__Input material__

==================================================

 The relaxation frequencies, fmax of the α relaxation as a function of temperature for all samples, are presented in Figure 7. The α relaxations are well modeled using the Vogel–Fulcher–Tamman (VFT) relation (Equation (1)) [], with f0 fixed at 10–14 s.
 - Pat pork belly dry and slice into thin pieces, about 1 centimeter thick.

==================================================

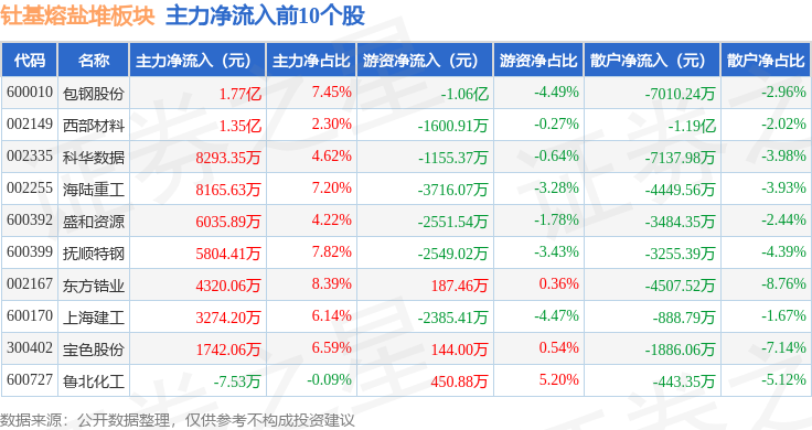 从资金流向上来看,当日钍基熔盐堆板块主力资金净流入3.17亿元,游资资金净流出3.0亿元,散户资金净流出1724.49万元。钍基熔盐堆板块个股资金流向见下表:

==================================================

In the listing above, find the line holding "The relaxation frequencies, fmax" and the line holding "- Pat pork belly", then output those two lines and every line between them exactly.

 The relaxation frequencies, fmax of the α relaxation as a function of temperature for all samples, are presented in Figure 7. The α relaxations are well modeled using the Vogel–Fulcher–Tamman (VFT) relation (Equation (1)) [], with f0 fixed at 10–14 s.
 - Pat pork belly dry and slice into thin pieces, about 1 centimeter thick.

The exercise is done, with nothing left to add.